DATA SHOWN:
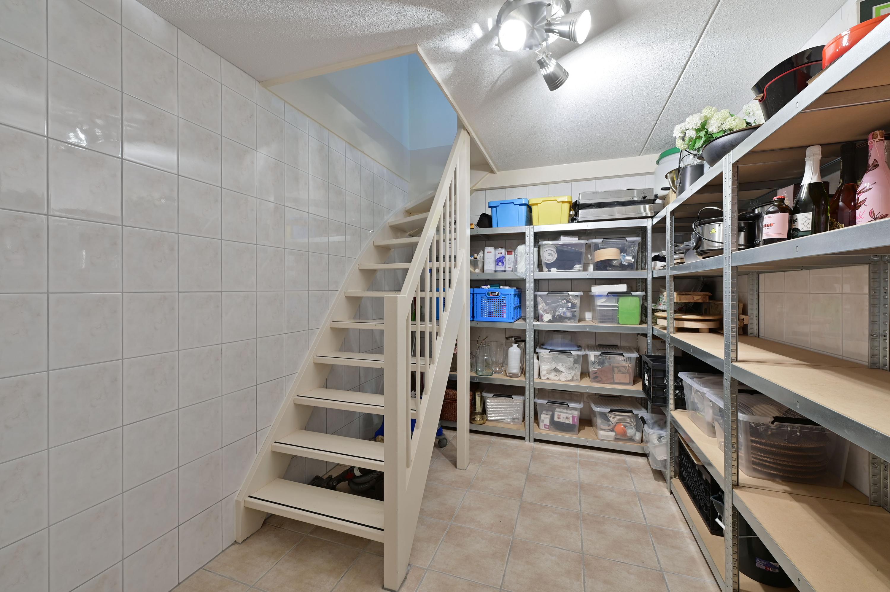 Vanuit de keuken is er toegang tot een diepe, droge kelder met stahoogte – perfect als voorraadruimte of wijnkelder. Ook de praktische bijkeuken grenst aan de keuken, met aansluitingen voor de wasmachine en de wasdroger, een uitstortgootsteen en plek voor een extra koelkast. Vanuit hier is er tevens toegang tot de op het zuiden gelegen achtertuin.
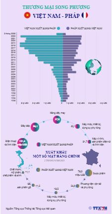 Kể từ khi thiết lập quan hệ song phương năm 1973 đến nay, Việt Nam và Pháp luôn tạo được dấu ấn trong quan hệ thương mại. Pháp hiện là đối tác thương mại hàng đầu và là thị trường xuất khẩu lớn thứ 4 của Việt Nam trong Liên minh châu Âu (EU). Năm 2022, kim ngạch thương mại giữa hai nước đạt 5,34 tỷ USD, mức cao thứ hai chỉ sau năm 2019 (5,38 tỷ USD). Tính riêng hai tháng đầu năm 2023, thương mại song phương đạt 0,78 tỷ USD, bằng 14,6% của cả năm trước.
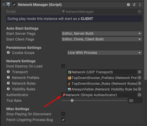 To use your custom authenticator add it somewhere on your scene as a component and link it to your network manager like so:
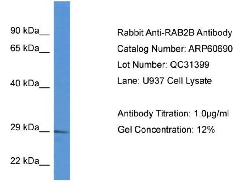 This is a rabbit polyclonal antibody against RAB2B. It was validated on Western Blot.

TO DO: The whole listing should be retyped word for word; none of its pictures belong in the copy.

SOLUTION TO THIS EXERCISE:
 Vanuit de keuken is er toegang tot een diepe, droge kelder met stahoogte – perfect als voorraadruimte of wijnkelder. Ook de praktische bijkeuken grenst aan de keuken, met aansluitingen voor de wasmachine en de wasdroger, een uitstortgootsteen en plek voor een extra koelkast. Vanuit hier is er tevens toegang tot de op het zuiden gelegen achtertuin.
 Kể từ khi thiết lập quan hệ song phương năm 1973 đến nay, Việt Nam và Pháp luôn tạo được dấu ấn trong quan hệ thương mại. Pháp hiện là đối tác thương mại hàng đầu và là thị trường xuất khẩu lớn thứ 4 của Việt Nam trong Liên minh châu Âu (EU). Năm 2022, kim ngạch thương mại giữa hai nước đạt 5,34 tỷ USD, mức cao thứ hai chỉ sau năm 2019 (5,38 tỷ USD). Tính riêng hai tháng đầu năm 2023, thương mại song phương đạt 0,78 tỷ USD, bằng 14,6% của cả năm trước.
 To use your custom authenticator add it somewhere on your scene as a component and link it to your network manager like so:
 This is a rabbit polyclonal antibody against RAB2B. It was validated on Western Blot.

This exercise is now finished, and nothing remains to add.